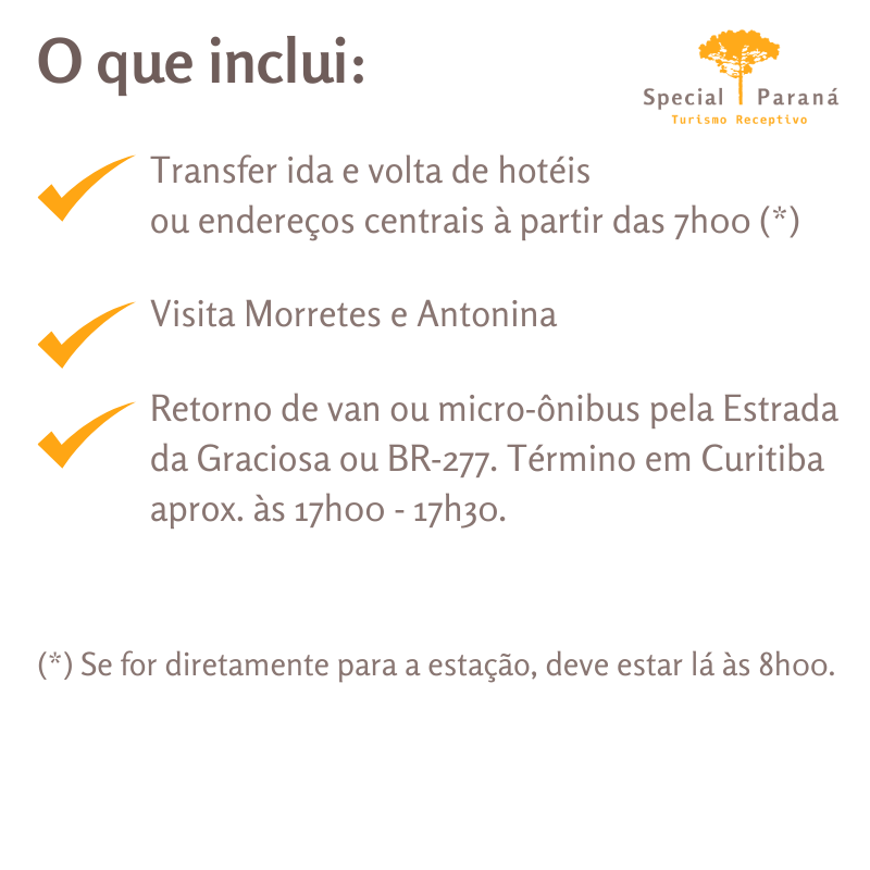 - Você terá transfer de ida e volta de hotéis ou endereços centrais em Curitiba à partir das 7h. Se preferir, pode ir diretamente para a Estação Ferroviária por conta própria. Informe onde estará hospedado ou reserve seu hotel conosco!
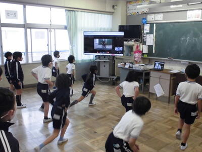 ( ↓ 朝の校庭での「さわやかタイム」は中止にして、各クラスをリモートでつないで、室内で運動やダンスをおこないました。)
^^^^
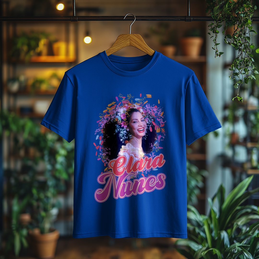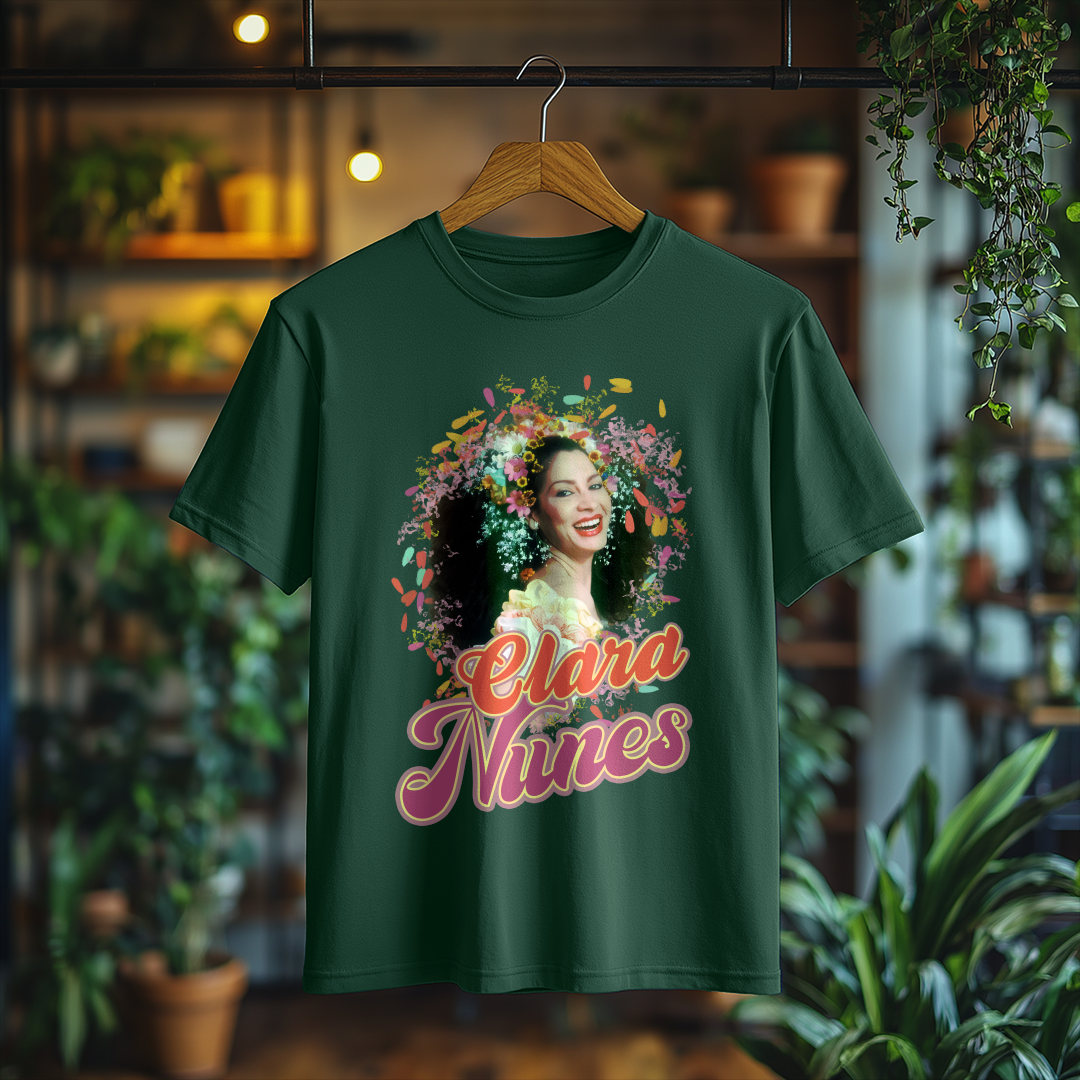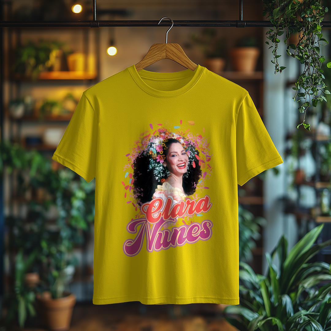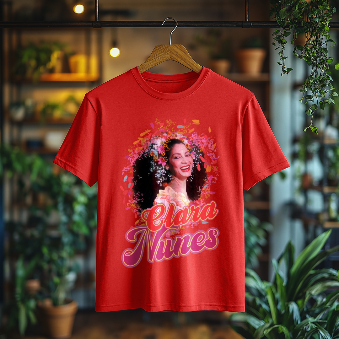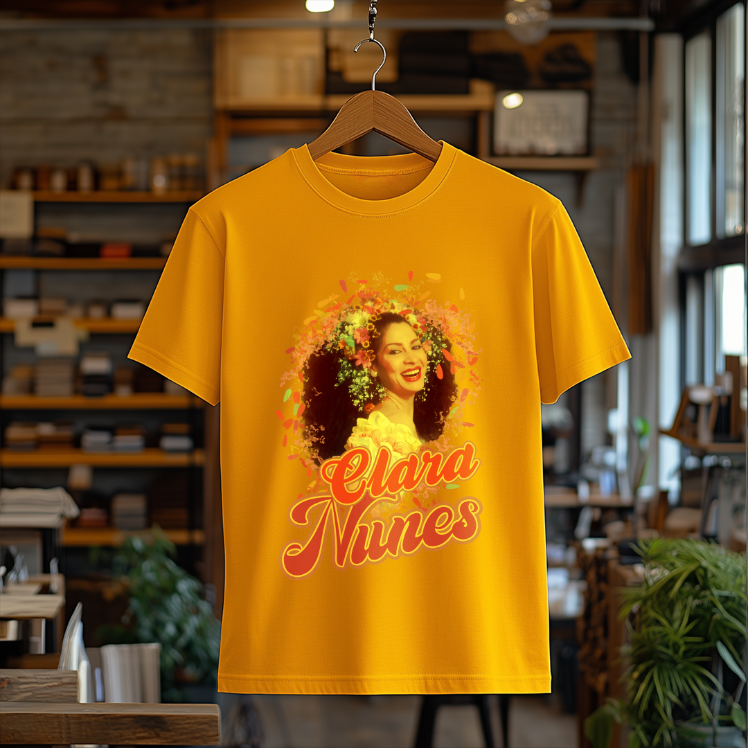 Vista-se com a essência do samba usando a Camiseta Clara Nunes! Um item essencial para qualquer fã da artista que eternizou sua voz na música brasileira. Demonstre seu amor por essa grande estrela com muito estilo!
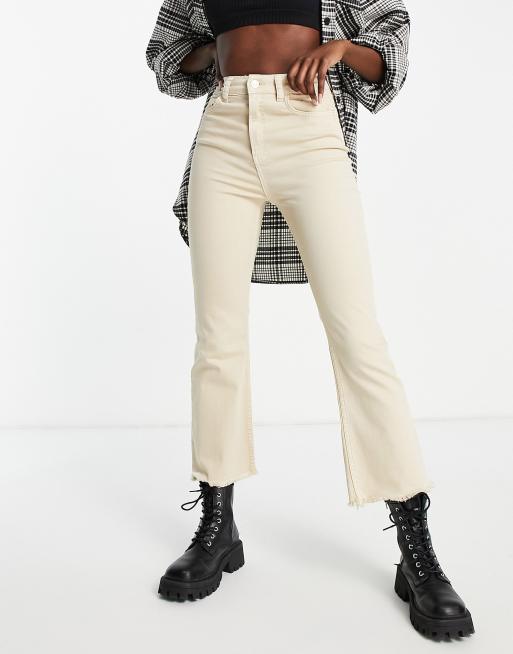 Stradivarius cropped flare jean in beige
^^^^
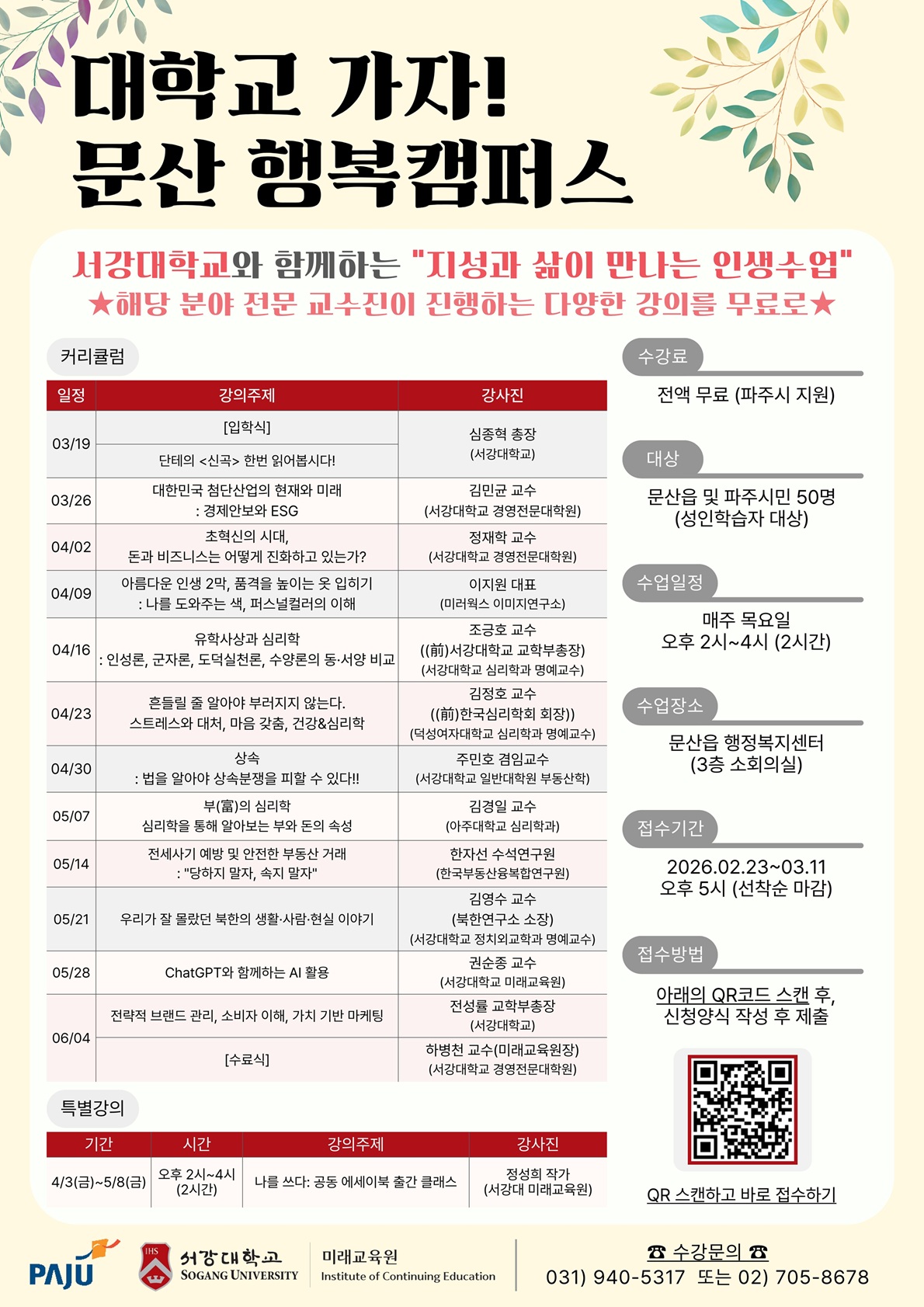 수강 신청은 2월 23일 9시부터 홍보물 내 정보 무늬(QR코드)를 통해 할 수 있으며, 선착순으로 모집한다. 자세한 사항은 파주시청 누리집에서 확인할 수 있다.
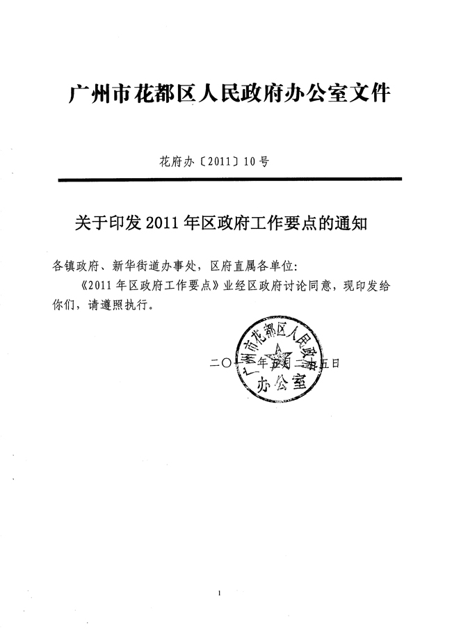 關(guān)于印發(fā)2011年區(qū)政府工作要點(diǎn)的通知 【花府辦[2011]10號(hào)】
^^^^
Directions for this task: From the records above, give again only the part that opens with the line containing "Vista-se com a" and closes with the line containing "Stradivarius cropped flare jean in beige". Keep both ends but drop the pictures.

Your solution:
 Vista-se com a essência do samba usando a Camiseta Clara Nunes! Um item essencial para qualquer fã da artista que eternizou sua voz na música brasileira. Demonstre seu amor por essa grande estrela com muito estilo!
 Stradivarius cropped flare jean in beige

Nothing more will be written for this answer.